▼

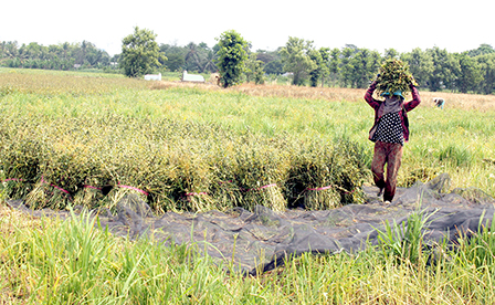 Nắng nóng gay gắt, nông dân trồng mè khó phòng trừ cỏ dại
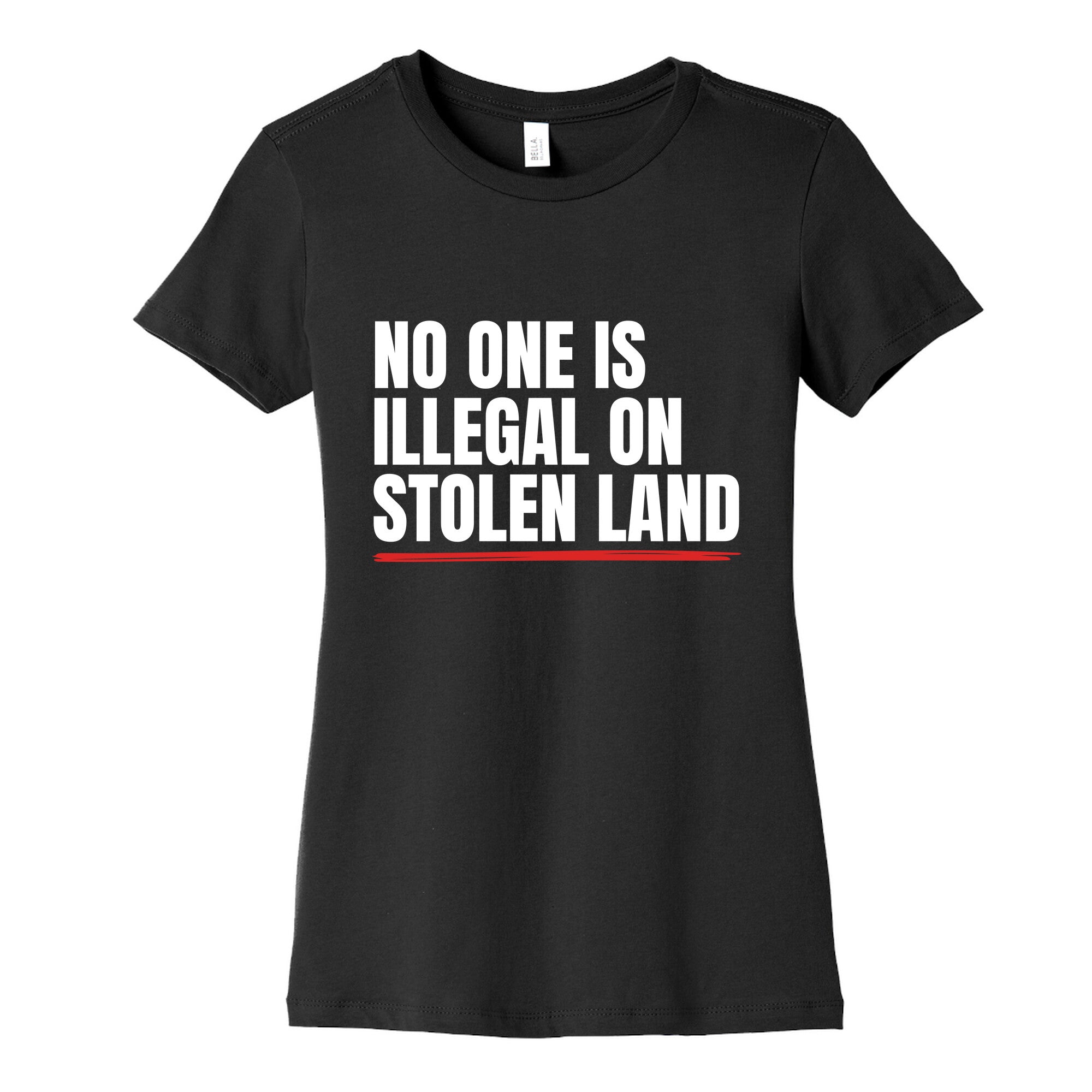 No One Is Illegal On Stolen Land Womens Cotton Tee
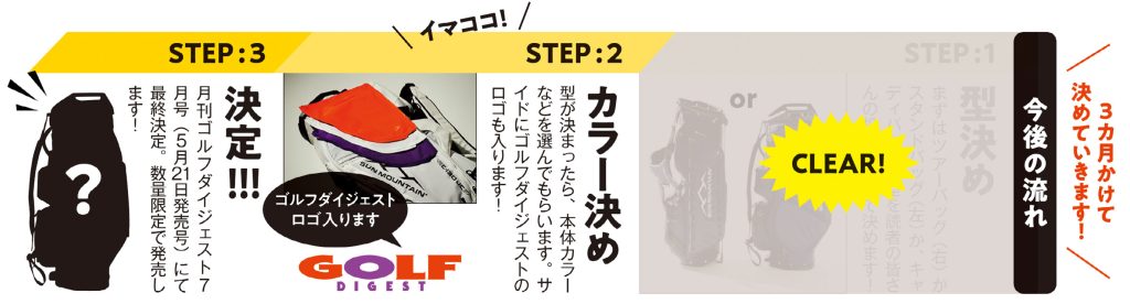 豊富なカスタマイズが可能なサンマウンテンとゴルフダイジェストをつなぐキャディバッグプロジェクト第2段。前号では型を決めてもらいましたが、今号は“カラー決め”です!
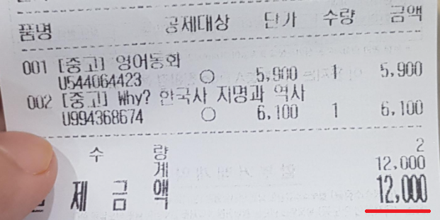 2권의 책을 구매하는데 12,000원이 들었습니다 ^^
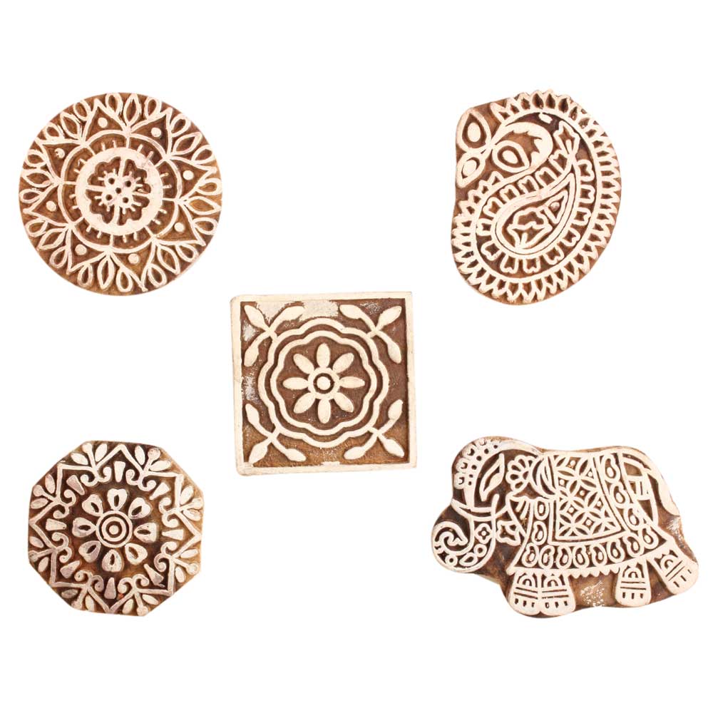Set of 5 Piece New Mix Wooden Printing Block. Ideal for use on Fabric, Paper, Canvas, etc. These Blocks can be use to Print with Oil Colors, Fabric Colors, Water Colors, Acrylic Colors and Vegetable Colors.
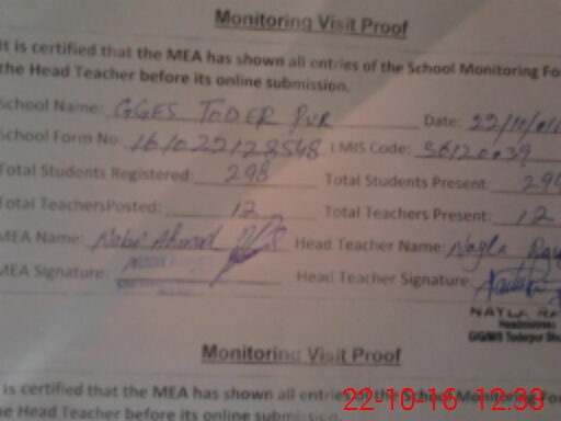 | Certified that this School was Inspected by the Undersigned MEA/DMO Today and the Information Stated Above is as Per Record. | |||||
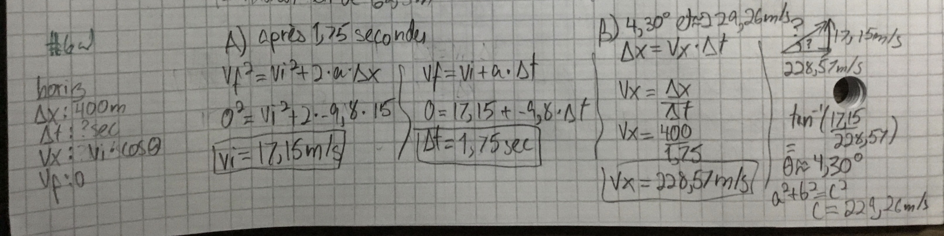 Je pense qu’il faut former un triangle rectangle de 15m de hauteur et 200m de long puis trouver l’angle et une fois que j’ai mon angle je peut isoler le temps dans l’équation horizontale pour ensuite placer cette équation dans l’équation complète verticale. C’est juste que je ne pense pas qu’il faut faire un triangle rectangle parce que c’est un cercle donc ça fonctionne pas. Suggestions?
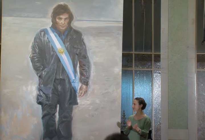 Al finalizar la disertación de Huerta de Soto, descubrieron el enorme retrato que le regalaron al Presidente, donde se lo ve con el camperón de cuero y la banda presidencial.
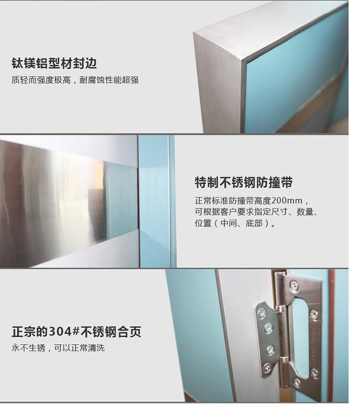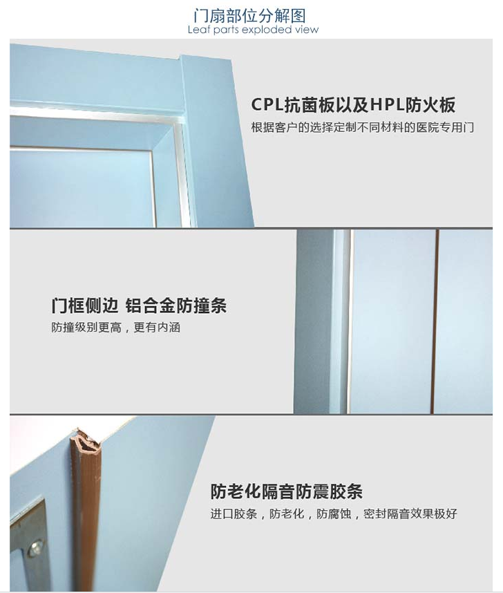 产品特点:【材质】:HPL/CPL 【规格】:2100*900*45 【门扇厚度】:45mm(如添加钛镁铝型材封边厚度为47mm) 【生产周期】:15天 【表面材质】:CPL防火抗菌板 【内部结构】:实木结构材料、特制高碳方形钢管 【工艺特点】:防火、抗菌、环保、防潮、不变形、抗冲击、耐磨、易于清洁 医院是以提供医疗、保健、 预防、教学、科研为一体的重要社会医疗基础设施,它为社会各界人士提供医疗保健服务,是人类健康繁衍的重要保障;医院专用门 作为医院内使用频率高的产品及医院的 对外窗口,它的质量就显得尤为重要;医
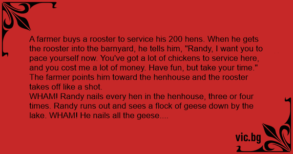 A farmer buys a rooster to service his 200 hens. When he gets the rooster into the barnyard, he tells him, "Rаndy, I want you to pace yourself now. You've got a lot of chickens to service here, and you cost me a lot of money. Have fun, but take your time."
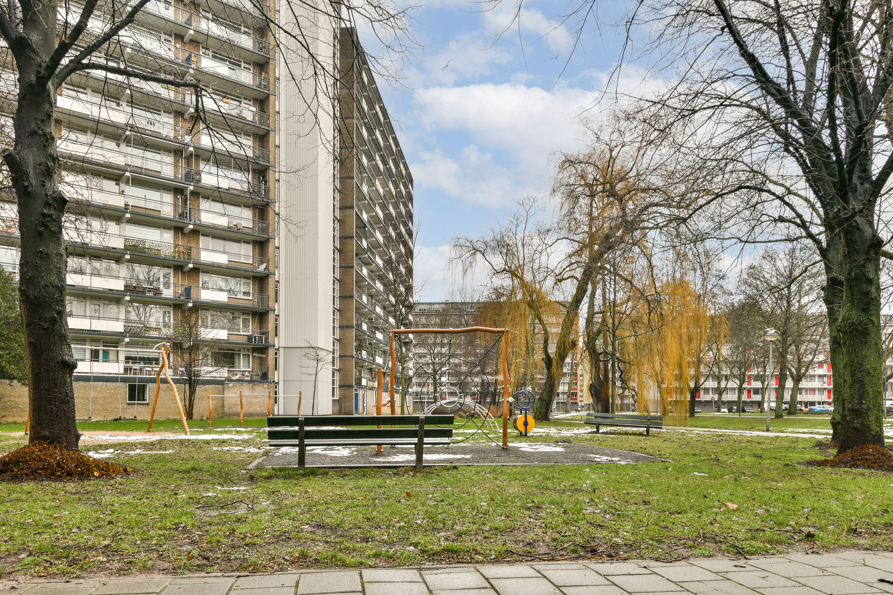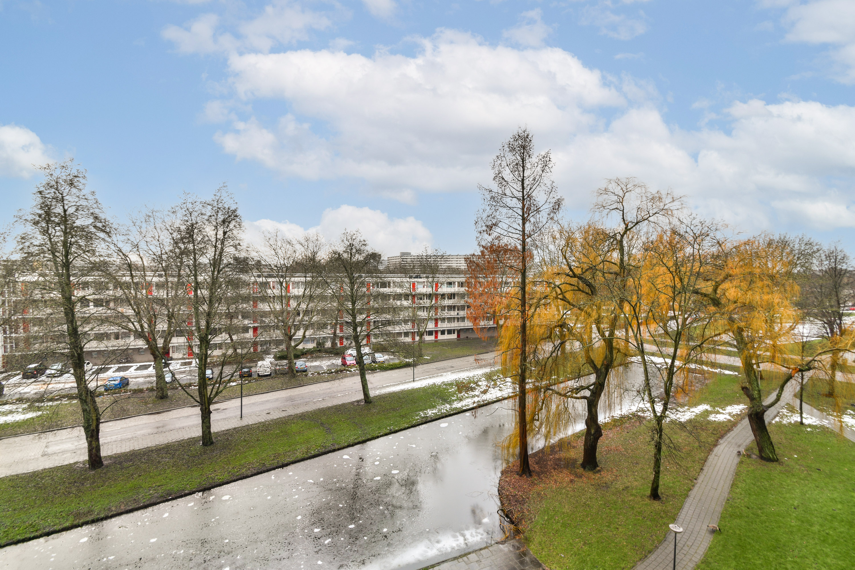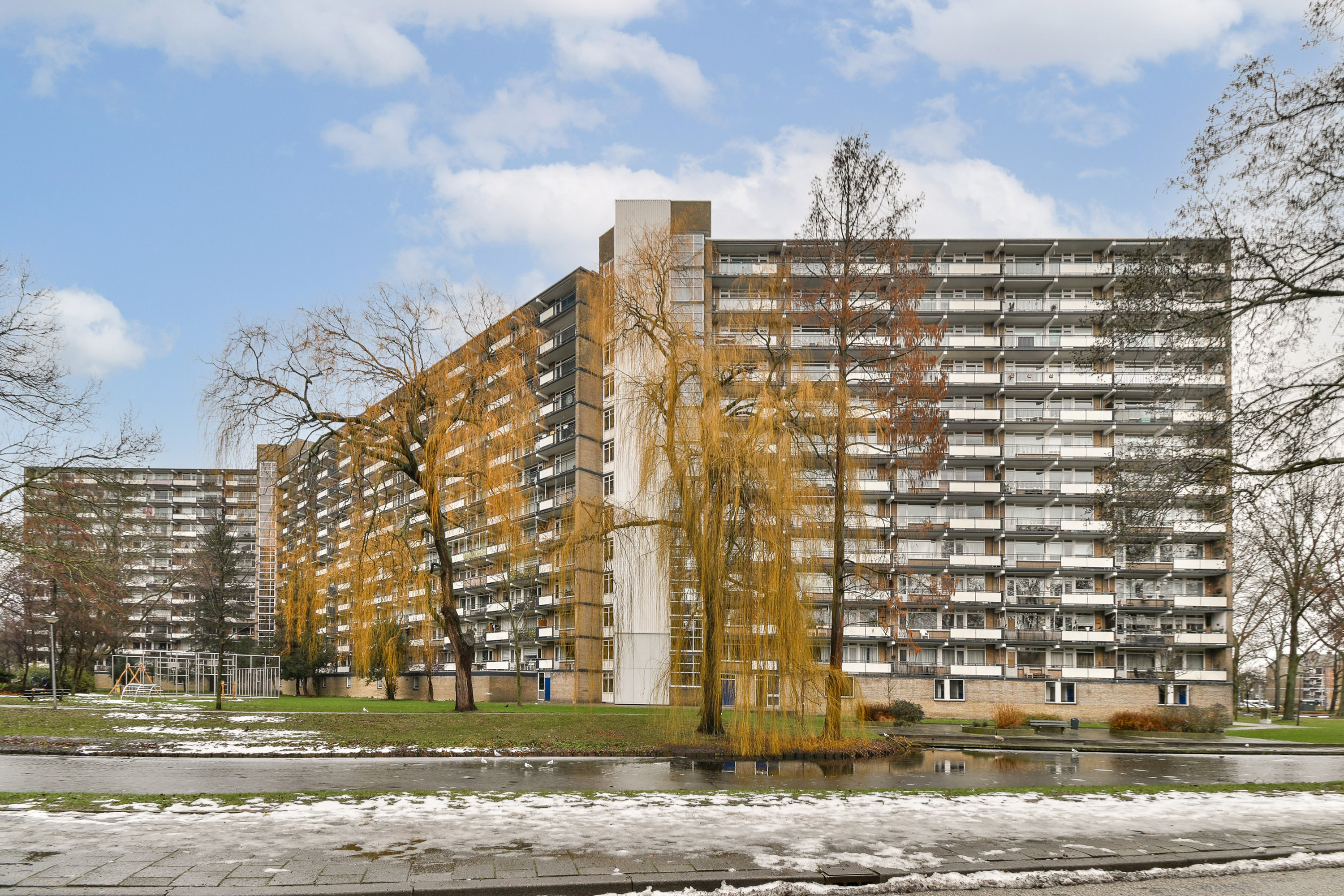 Gelegen op de 5e verdieping van een verzorgd complex in de geliefde wijk Schiedam-Noord (Groenoord) bevindt zich dit lichte 4 kamer appartement met vrij uitzicht over de singel. Het complex is voorzien van een lift, intercom en betreft een nette galerijflat. Het appartement beschikt over een zonnig balkon op het zuiden, waar u dankzij het aanwezige zonnescherm heerlijk kunt genieten van de zon. De woning is geheel voorzien van dubbel glas, wat bijdraagt aan een comfortabel woonklimaat. Tevens is het buitenschilderwerk recent uitgevoerd en is de dakbedekking in 2025 vernieuwd, wat zorgt voor een goed onderhouden gebouw. Op de begane grond b... Lees meer
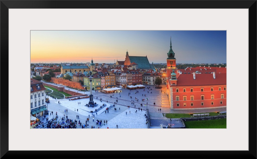 <p>Poland, Masovia, Warsaw, Warsaw Royal Palace, Palace Square (Plac Zamkowy) with the Royal Castle and Sigismund's Column at sunset.</p>
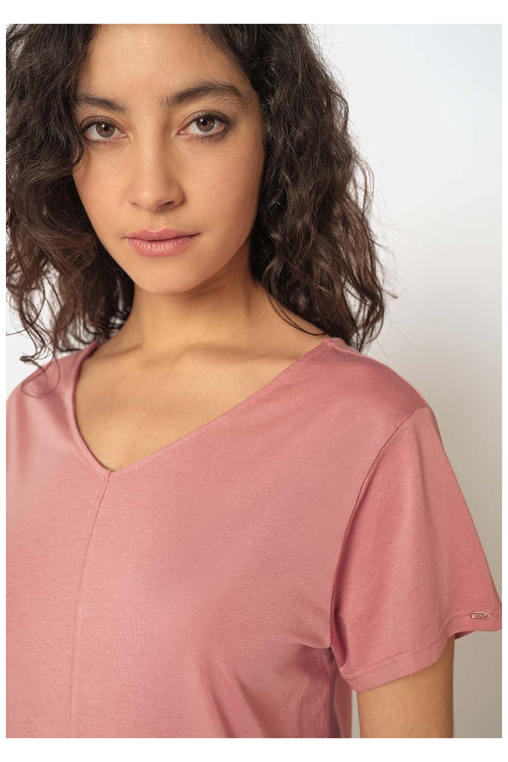 Pohodlné tričko s krátkym rukávom pre ženy na spanie. Hodí sa k nočnému prádlu zo série Sleep & Dream. Model sa dá nosiť s výstrihom do V alebo s okrúhlym výstrihom.

▲

> [PROBLEM STATEMENT]:
Set down all the entries above verbatim, and include none of the pictures.

> [RESPONSE TO THE EXERCISE]:
 Nắng nóng gay gắt, nông dân trồng mè khó phòng trừ cỏ dại
 No One Is Illegal On Stolen Land Womens Cotton Tee
 豊富なカスタマイズが可能なサンマウンテンとゴルフダイジェストをつなぐキャディバッグプロジェクト第2段。前号では型を決めてもらいましたが、今号は“カラー決め”です!
 2권의 책을 구매하는데 12,000원이 들었습니다 ^^
Set of 5 Piece New Mix Wooden Printing Block. Ideal for use on Fabric, Paper, Canvas, etc. These Blocks can be use to Print with Oil Colors, Fabric Colors, Water Colors, Acrylic Colors and Vegetable Colors.
 | Certified that this School was Inspected by the Undersigned MEA/DMO Today and the Information Stated Above is as Per Record. | |||||
 Je pense qu’il faut former un triangle rectangle de 15m de hauteur et 200m de long puis trouver l’angle et une fois que j’ai mon angle je peut isoler le temps dans l’équation horizontale pour ensuite placer cette équation dans l’équation complète verticale. C’est juste que je ne pense pas qu’il faut faire un triangle rectangle parce que c’est un cercle donc ça fonctionne pas. Suggestions?
 Al finalizar la disertación de Huerta de Soto, descubrieron el enorme retrato que le regalaron al Presidente, donde se lo ve con el camperón de cuero y la banda presidencial.
 产品特点:【材质】:HPL/CPL 【规格】:2100*900*45 【门扇厚度】:45mm(如添加钛镁铝型材封边厚度为47mm) 【生产周期】:15天 【表面材质】:CPL防火抗菌板 【内部结构】:实木结构材料、特制高碳方形钢管 【工艺特点】:防火、抗菌、环保、防潮、不变形、抗冲击、耐磨、易于清洁 医院是以提供医疗、保健、 预防、教学、科研为一体的重要社会医疗基础设施,它为社会各界人士提供医疗保健服务,是人类健康繁衍的重要保障;医院专用门 作为医院内使用频率高的产品及医院的 对外窗口,它的质量就显得尤为重要;医
 A farmer buys a rooster to service his 200 hens. When he gets the rooster into the barnyard, he tells him, "Rаndy, I want you to pace yourself now. You've got a lot of chickens to service here, and you cost me a lot of money. Have fun, but take your time."
 Gelegen op de 5e verdieping van een verzorgd complex in de geliefde wijk Schiedam-Noord (Groenoord) bevindt zich dit lichte 4 kamer appartement met vrij uitzicht over de singel. Het complex is voorzien van een lift, intercom en betreft een nette galerijflat. Het appartement beschikt over een zonnig balkon op het zuiden, waar u dankzij het aanwezige zonnescherm heerlijk kunt genieten van de zon. De woning is geheel voorzien van dubbel glas, wat bijdraagt aan een comfortabel woonklimaat. Tevens is het buitenschilderwerk recent uitgevoerd en is de dakbedekking in 2025 vernieuwd, wat zorgt voor een goed onderhouden gebouw. Op de begane grond b... Lees meer
 <p>Poland, Masovia, Warsaw, Warsaw Royal Palace, Palace Square (Plac Zamkowy) with the Royal Castle and Sigismund's Column at sunset.</p>
 Pohodlné tričko s krátkym rukávom pre ženy na spanie. Hodí sa k nočnému prádlu zo série Sleep & Dream. Model sa dá nosiť s výstrihom do V alebo s okrúhlym výstrihom.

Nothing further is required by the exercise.